# The Transformer
In this lab scenario, you will implement causal attention for a Transformer Decoder model.
Transformer architecture was introduced in the [Attention Is All You Need](https://arxiv.org/abs/1706.03762)
and has dominated the field of language modeling.  
Here we will go through different parts of the transformer architecture and explain each of them briefly.


## Transformer Overview

### The input
Transformer decoder models (such as LLaMa 3.1 and Mistral) are popular text-processing models.   
One can distinguish two versions of such models: base and instruction-tuned.  
The base models are usually transformers trained on predicting the continuation of a given text (for each prefix they output a probability distribution over the next text fragments).  
In contrast, the instruction-tuned ones are base models that were additionally trained to follow instructions.  
The text is presented to the transformer as a sequence of tokens.   
Tokens are integers used to represent pieces of text.  
To be more precise to convert text to tokens we first prepare a dictionary of common text fragments.   
We usually want to have all possible letters in the dictionary so that all texts can be tokenized.   
We then assign to each text piece from the dictionary an integer and use the dictionary to convert text into a sequence of tokens (integers).  
The program that converts text into tokens is called a tokenizer.  

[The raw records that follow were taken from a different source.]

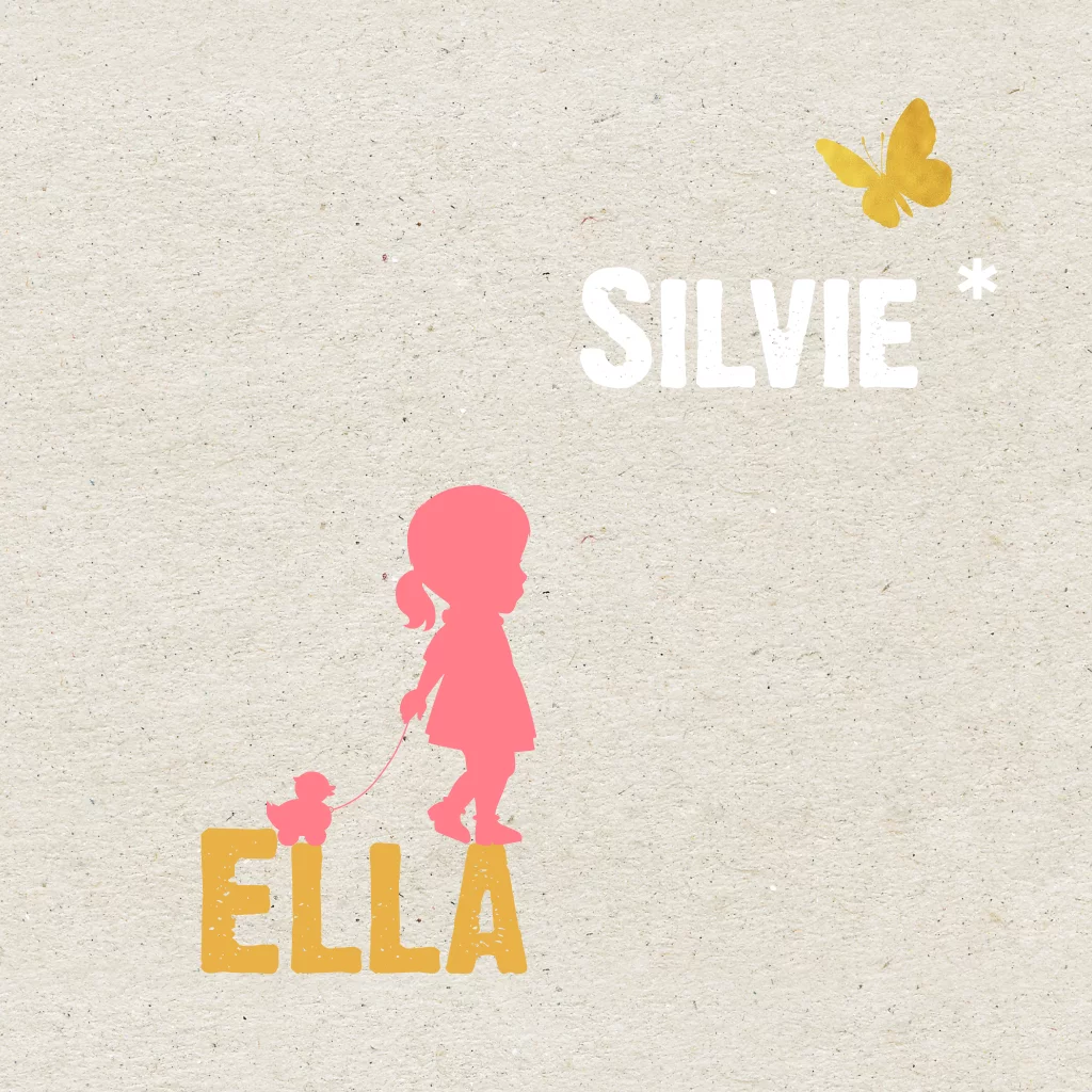 Mooie kinder-rouwkaart voor tweeling waarvan één kindje is overleden, met silhouet van jongetje en vlindertje op kraftpapier. Tweelingkaart voor vlinderkindje
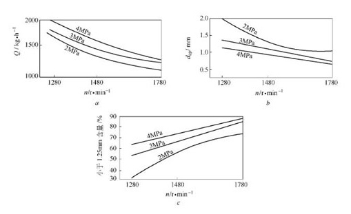 Figure 12-2c shows that , within a small range , to increase the frequency , can improve the crushed product in the 28 % -45% of the less than 1.25mm fractionated products .
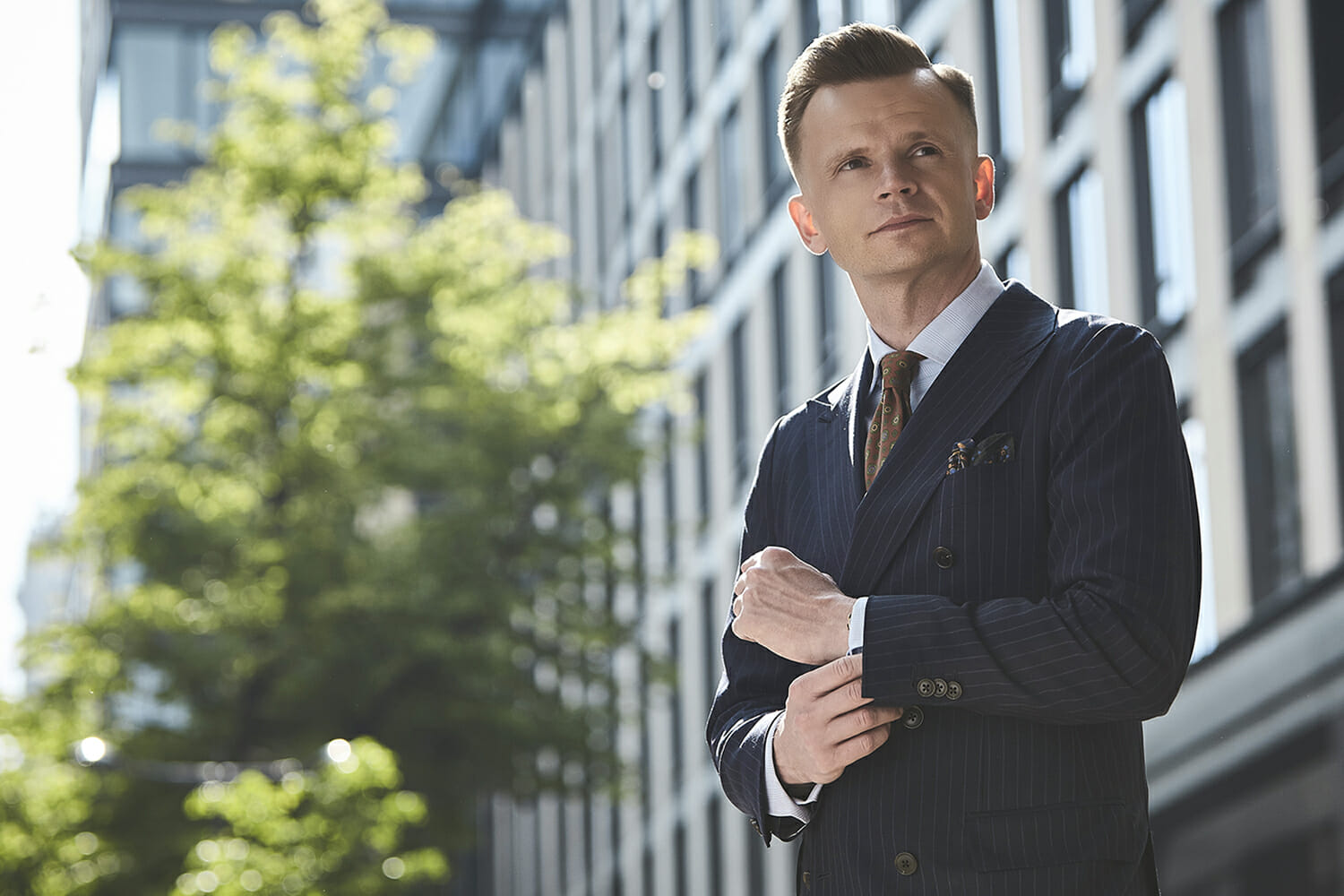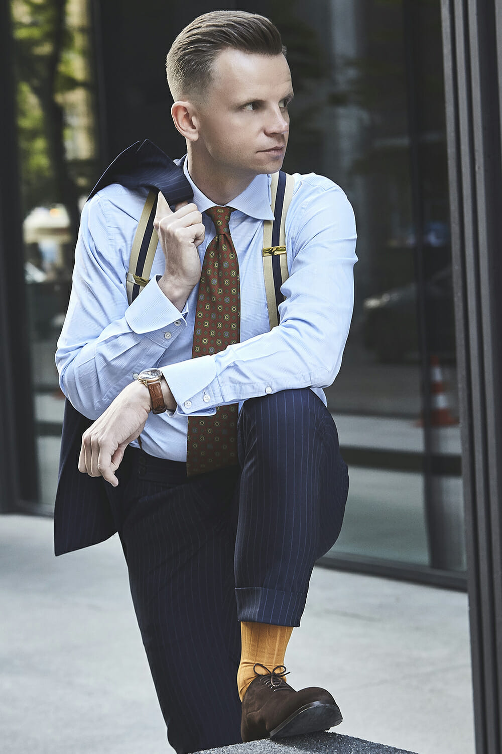 Ten sam garnitur mógłby zostać zestawiony z chłodnymi, formalnymi dodatkami – jak biała koszula czy granatowy krawat z jedwabiu. Ja uzyskałem efekt przełamania biznesowych reguł. Zdaniem niektórych taki właśnie, zindywidualizowany styl może bardzo pomóc w budowaniu zawodowej pozycji. Na pewno tworzenie tego rodzaju stylizacji jest świetną zabawą.
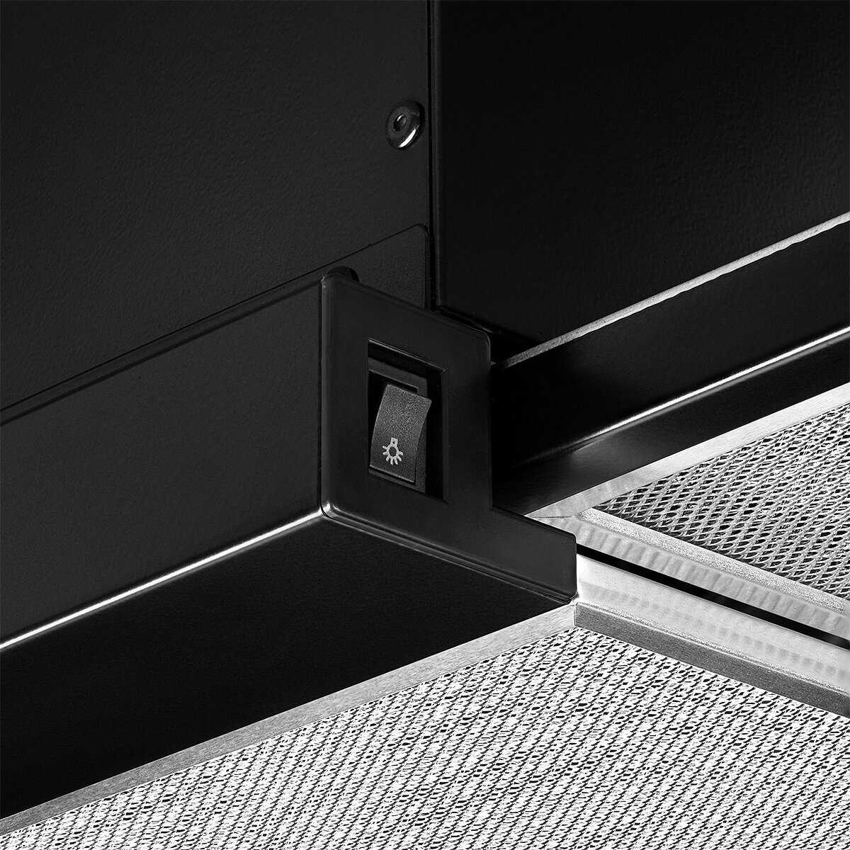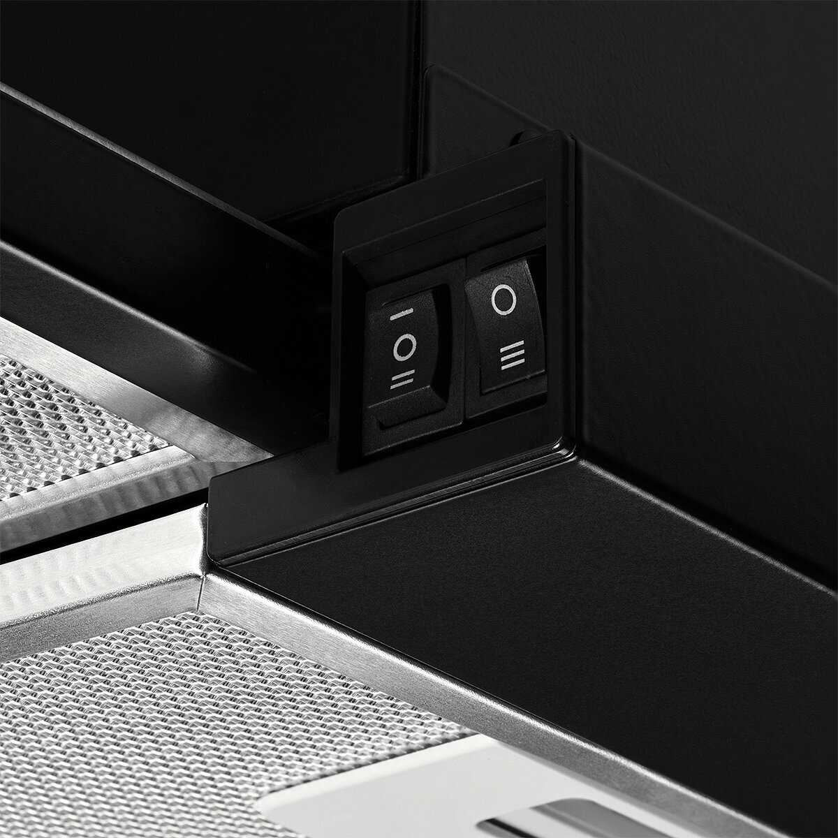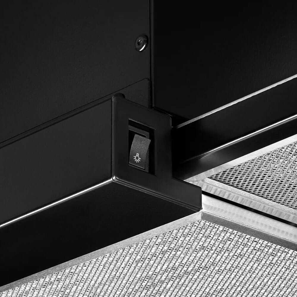 Конструкция признана крайне удобной: козырек легко выдвигается при необходимости и так же просто задвигается обратно, не занимая лишнего пространства. Пользователи ценят эту особенность за лаконичность — когда вытяжка не нужна, она полностью "прячется", не нарушая гармонию кухни и не выступая за пределы шкафа. -
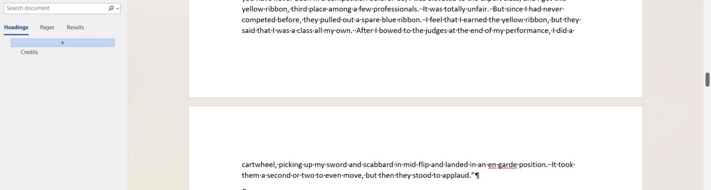 Note: In the image above, the two lines that slip to the beginning of the next page would be an “orphan” in type-setting terms if two lines were considered an orphan. Thus, more line would slip to the next page to protect the “orphan.” And this text is part of short story due to be published on this site later this month.

In this lab scenario, we will use OpenLLaMAv2 tokenizer and HuggingFace library to tokenize text.   
HuggingFace contains a vast collection of transformer model weights and implementations along with training and inference code.  

In [1]:
!pip3 install transformers==4.47.0
!pip3 install sentencepiece
!pip3 install accelerate

Collecting transformers==4.47.0
  Downloading transformers-4.47.0-py3-none-any.whl.metadata (43 kB)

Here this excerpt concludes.